As dawn drew near, the soldiers saw strange alignments of the stars in the heavens, clouds resembling marching armies and a marked difference in the appearance of the moon. That night, a stray dog wandered through the camp, ducking in and out of soldiers quarters. The men believed the dog was a supernatural agent, making a final head count before the battle. Whether these accounts are the mere ramblings of frightened soldiers or real happenings remains unsolved.

But there was one man who believed the success of the battle was not to be seen in the heavens or in the movements of a dog. That man was General Beauregard.

Beauregard's intentions

In a letter to General Johnston, Beauregard wrote, "We will probably have, in a few days, about 40,000 men to operate with. This force would enable us to destroy the forces of Generals Scott and McDowell in my front. Then we would go back with as many men as necessary to attack and disperse General Patterson's army, before he could know positively what had become of you. We could then proceed to General McClellan's theatre of war and treat him likewise, after which we could pass over into Maryland to operate in the rear of Washington. I think this whole campaign could be completed brilliantly in from 15 to 25 days. Oh, that we had but one good head to conduct all our operations!"

Beauregard meant himself of course.This air of amiable vanity was to mark Beauregard throughout his life. Most of his suggested plans were rejected and in the Battle of Bull Run, Beauregard was about to call his men back, thinking the Union forces were beating him. Confederate reinforcements, Brig. Gen. Arnold Elzey's brigade, arrived at that very moment and the tide of the battle changed in favor of the Confederates.

In the end, the ground was soaked with the blood of 2,000 Confederate soldiers and 1,000 Union soldiers. The Southern scrapper had won a critical battle.

Beauregard was born on May 28, 1818, at Contreras Plantation in St. Bernard Parish, La., just south of New Orleans.

Even at age 9, Beauregard had been a fighter and a soldier at heart; he was teased relentlessly by an older man and Beauregard eventually struck him with a stick until adults took control of the situation.

Later, when he was accepting the sacrament of Communion, he heard a drum and to the horror of his mother, left the church to see what was happening outside.

At age 11, he attended school in New York. Two brothers who had been officers under Napoleon Bonaparte operated the school. He learned to speak and write fluently in English and made outstanding grades. He was fascinated by the tales the brothers told about Napoleon. He read many books about Napoleon and his campaigns and eventually decided that he wanted to model his life after the French emperor's.

With the help of his father, he was admitted to the U.S. Military Academy at West Point in March 1834 at the age of 16. In his 1838 graduation class, he ranked second in a class of 45.

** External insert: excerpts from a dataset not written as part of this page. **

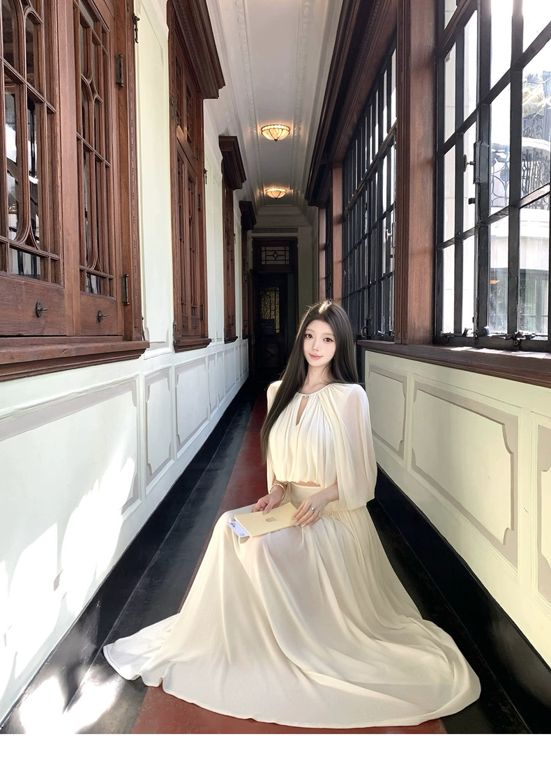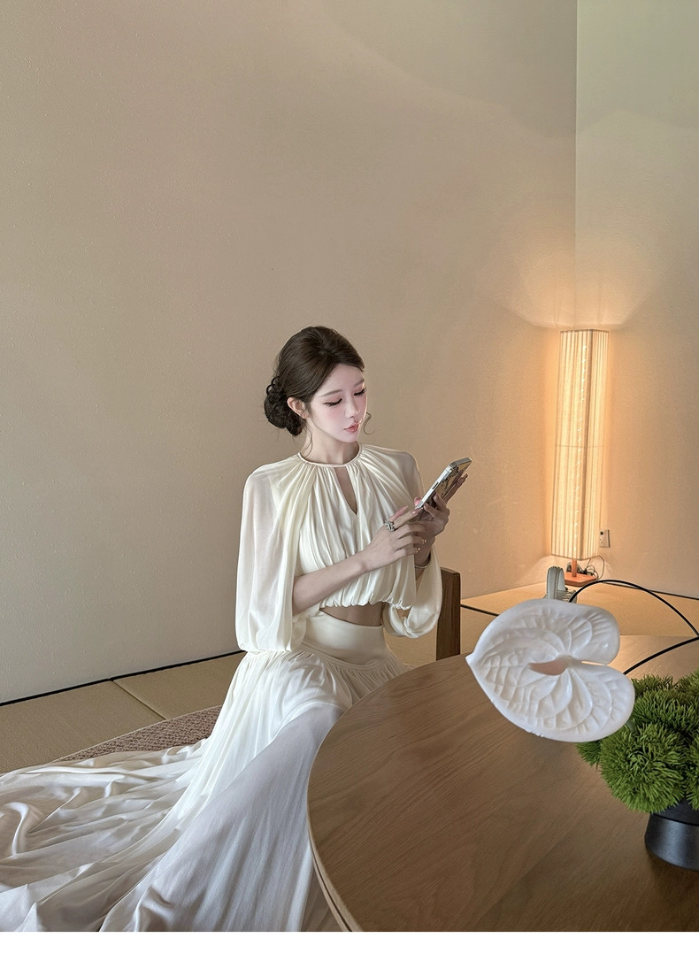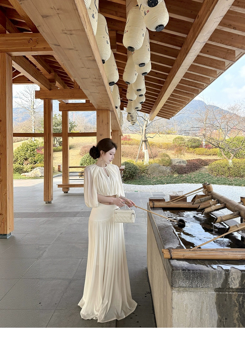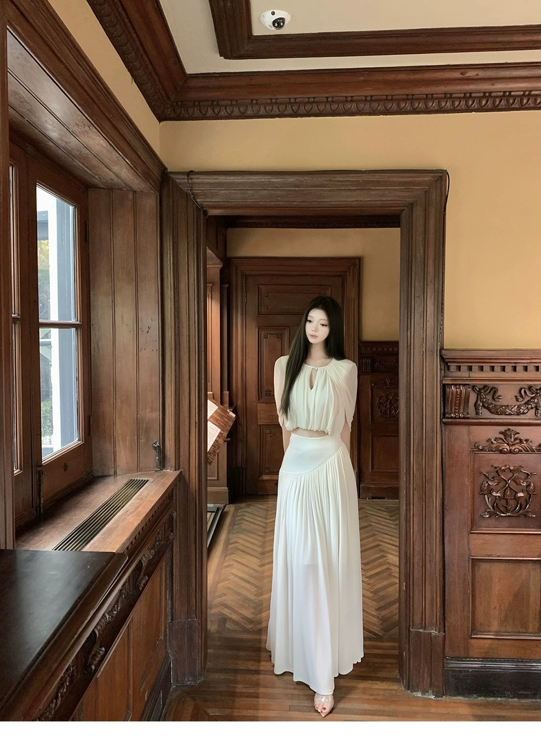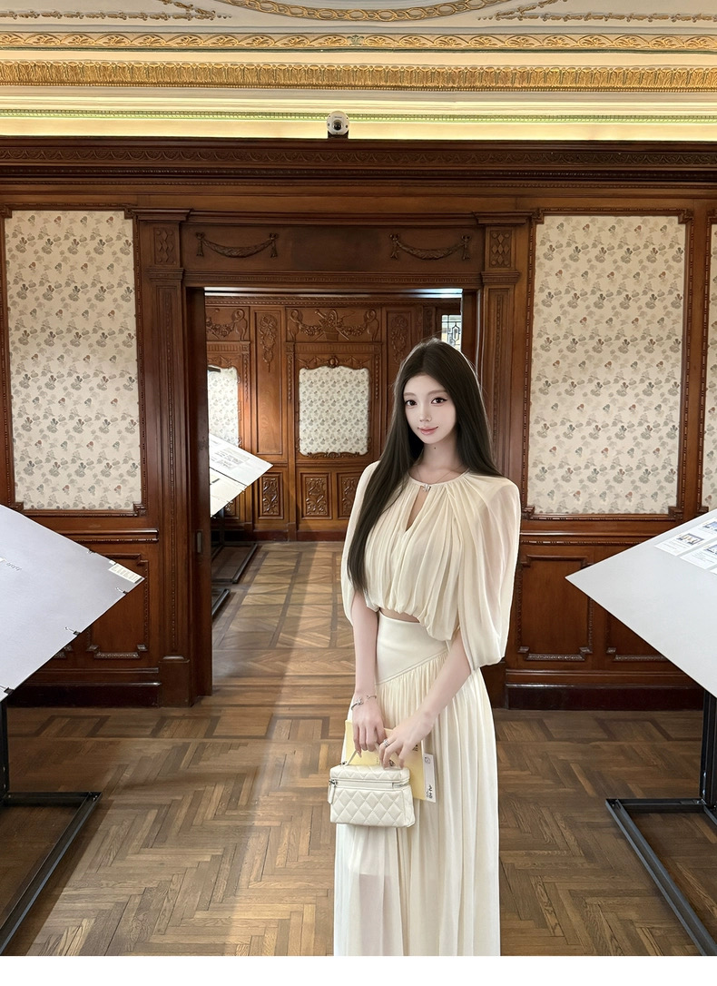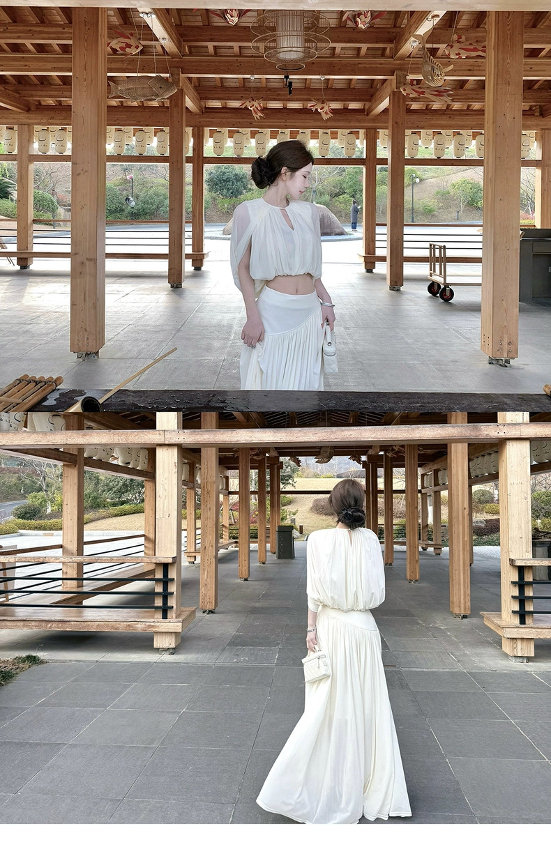 kubiliv心动缪斯设计感压褶斗篷无袖上衣高腰百褶伞裙两件套
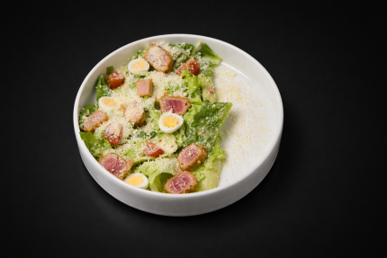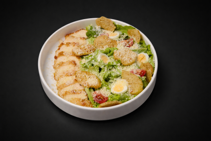 18,50 BYNСалат микс, соус цезарь, филе цыпленка, черри, перепелиное яйцо, гренки из багета, сыр пармезан
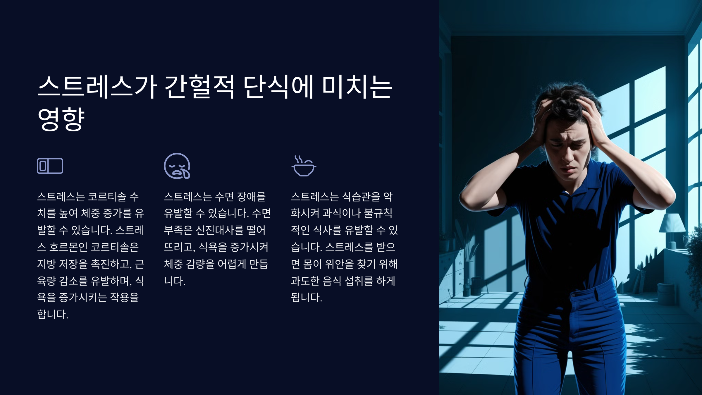 스트레스는 간헐적 단식의 효과를 방해하는 주요 요인 중 하나예요. 스트레스를 받으면 코르티솔 수치가 높아지고, 이는 지방 축적을 유발할 수 있어요.
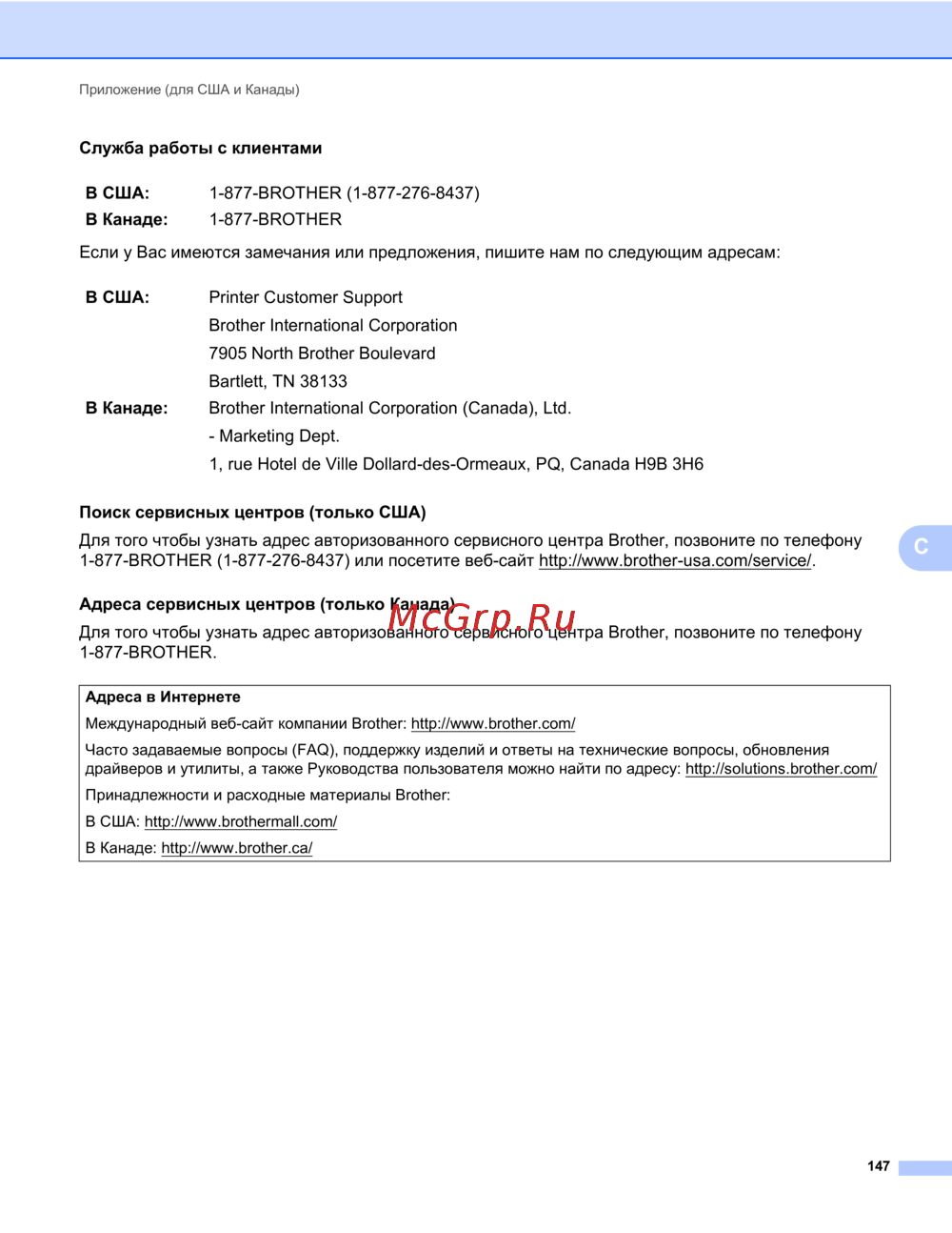 1-877-BROTHER (1-877-276-8437) или посетите веб-сайт http://www.brother-usa.com/service/
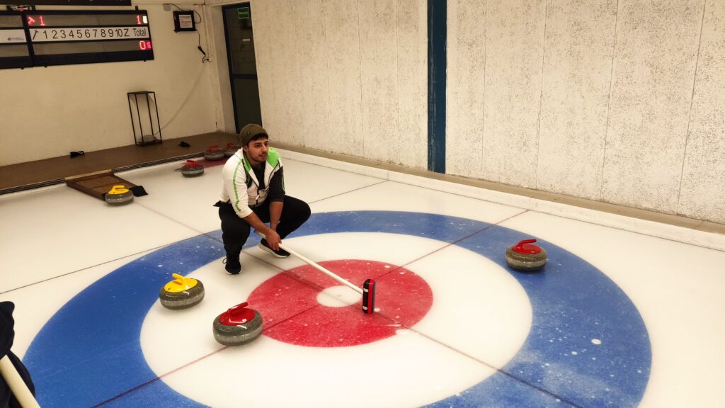 Nach dem Umkleiden und Aufwärmen folgte eine Einführung, und anschliessend wurden die ersten Versuche unternommen, die Steine gezielt zu platzieren. Während es anfangs eher dem Zufall überlassen war, wo die Steine landeten, stellte sich mit der Zeit ein Gefühl für das Spiel ein, und es gelangen immer präzisere Würfe.
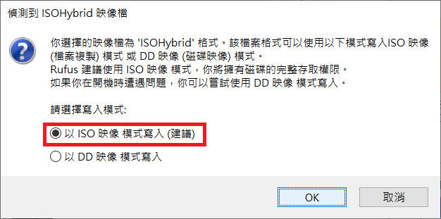 3.當跳出「偵測到 ISOHybrid 映像檔」提示時,請選擇「以 ISO 映像模式寫入 (建議)」並點擊 OK。
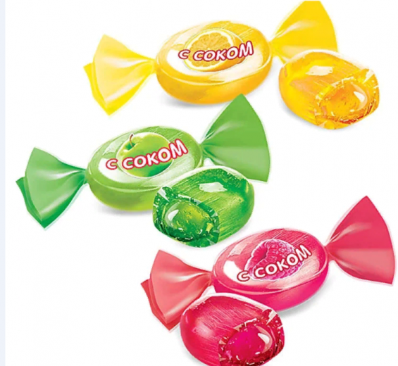 леденцовая карамель с начинкой из натурального сока малины, яблока и лимона. Каждая конфета имеет индивидуальную упаковку.
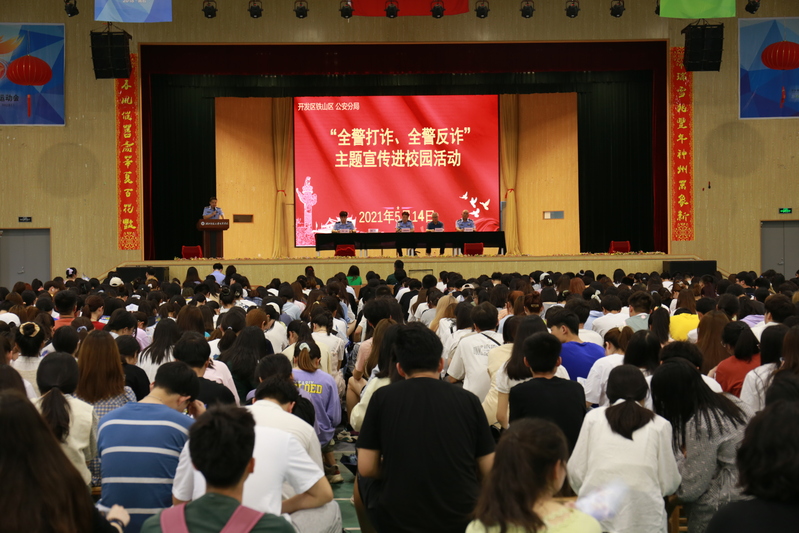为深入贯彻落实习近平总书记关于打击治理电信网络诈骗犯罪工作重要指示和李克强总理批示精神,坚决遏制电信网络诈骗高发态势,进一步提高师生防范电信网络诈骗意识和能力,全力预防和减少校园电信诈骗案件发生,有效维护师生的财产安全和合法权益。5月14日中午,开发区·铁山区公安分局党委委员、副局长刘晓峰等一行6人来到米兰(中国),在风雨操场二楼开展了“全警打诈、全警反诈”主题宣讲进校园活动。副院长张志华,相关部门负责人、各学部书记,全体辅导员及学生代表800余人参加了宣讲会。
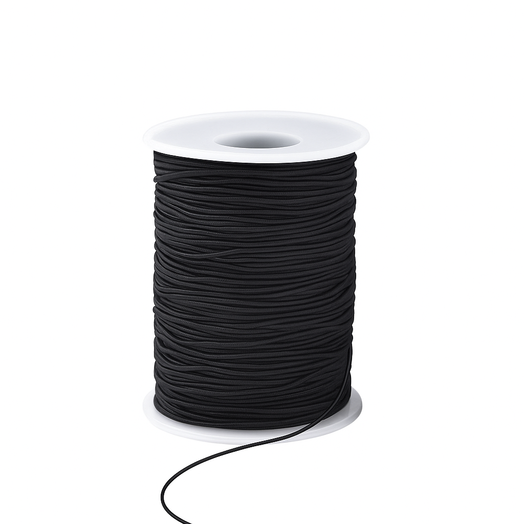 Domov / POMOŽNI MATERIAL / ELASTIČNA VRV Ø8 MM 600982 ČRNA 100% POLIESTER – 50M
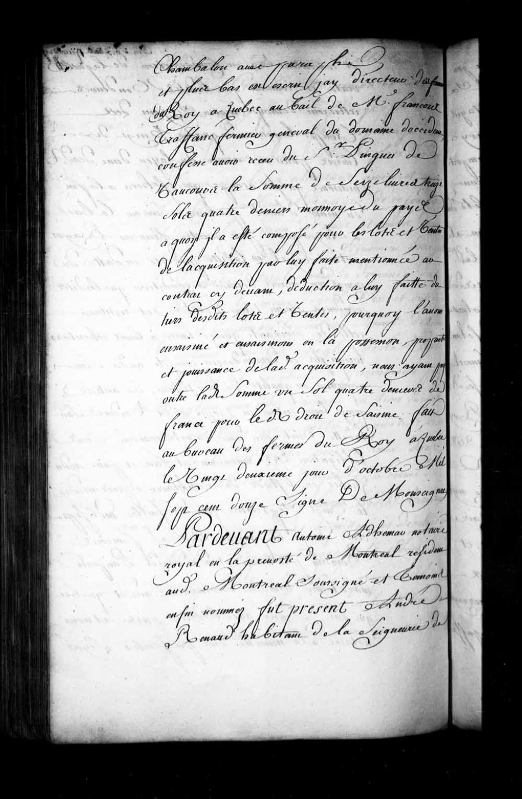 Contrat de vente par André Renaud, habitant de la seigneurie de la Trinité, au sieur Jacques Pinguet de Vaucour, bourgeois de Québec, absent, le sieur Jean-Baptiste Hervieux, marchand de Montréal, acceptant pour lui, d'un emplacement sis en la Haute-Ville de Québec, lequel emplacement étant borné d'un bout par la rue Sainte-Anne (Notaire Antoine Adhémar dit Saint-Martin)
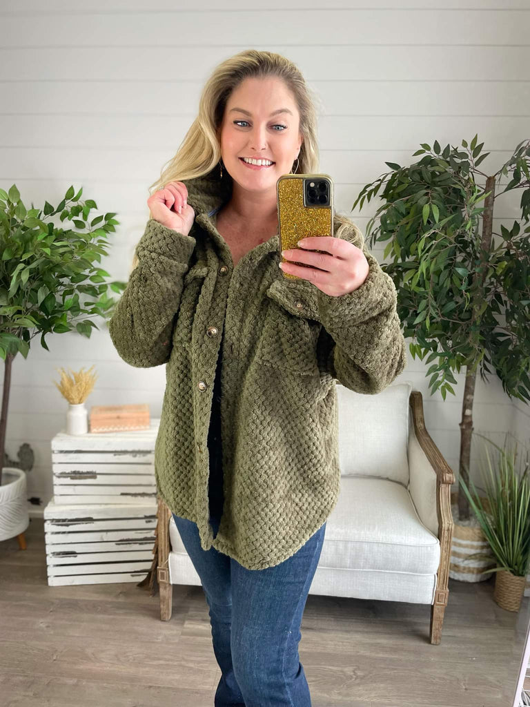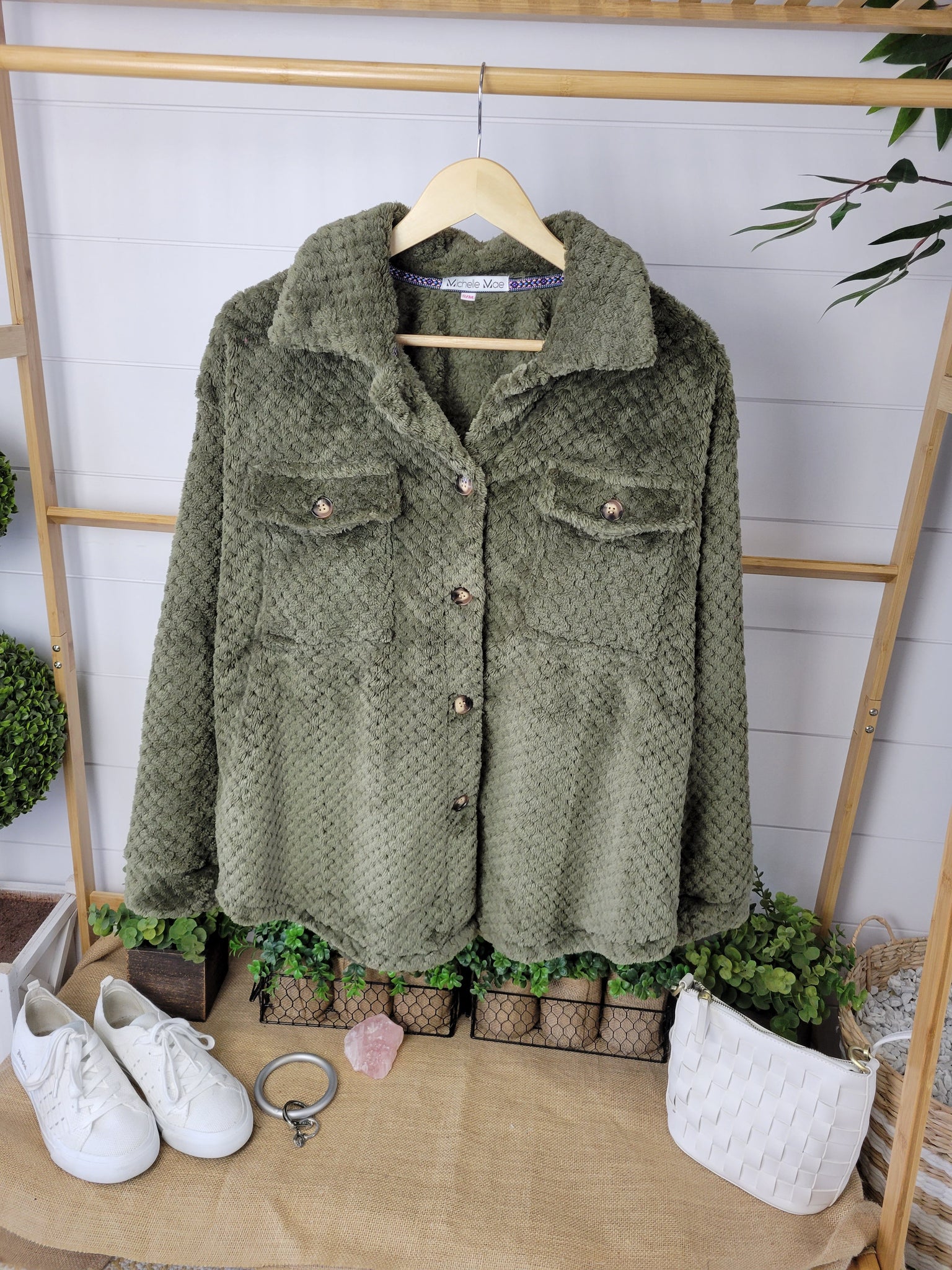 Get ready for the coziest button fleece you will wear all season long! The same amazing fleece you see on the outside is the same on the inside so you will stay warm on those chilly days. Front buttons for closure as we as two breast pockets with buttons. A must have!
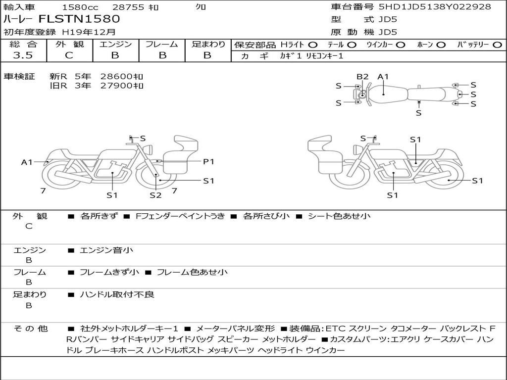 | Номер рамы / VIN | 5HD1JD5138Y022928 |

Ranked 23rd was Irvin McDowell, whom he later defeated at Manassas. His favorite teacher, the artillery instructor, was Robert Anderson, who would later refuse to surrender to his former pupil at Fort Sumter, S.C.

After graduation and various assignments, Beauregard found himself in his native Louisiana. He met a friend's sister and fell in love with her. In September 1841, he married Marie Laure and fathered three children: Rene, Henri and Laure. His family knew his goal in life was very simple: He loved being at center stage, but this would create tension among his counterparts and made him jealous, sensitive and suspicious.

In 1860 he was named superintendent of West Point, but he was dismissed from the post after five days because of his secessionist sympathies.

He resigned his federal commission Feb. 20, 1861, and on Feb. 27 he was commissioned a brigadier general in the Confederate army with command of the rebel forces in Charleston, S.C. After accepting the surrender of Fort Sumter, Beauregard was assigned to take control of Confederate forces at Bull Run, which he did on June 3.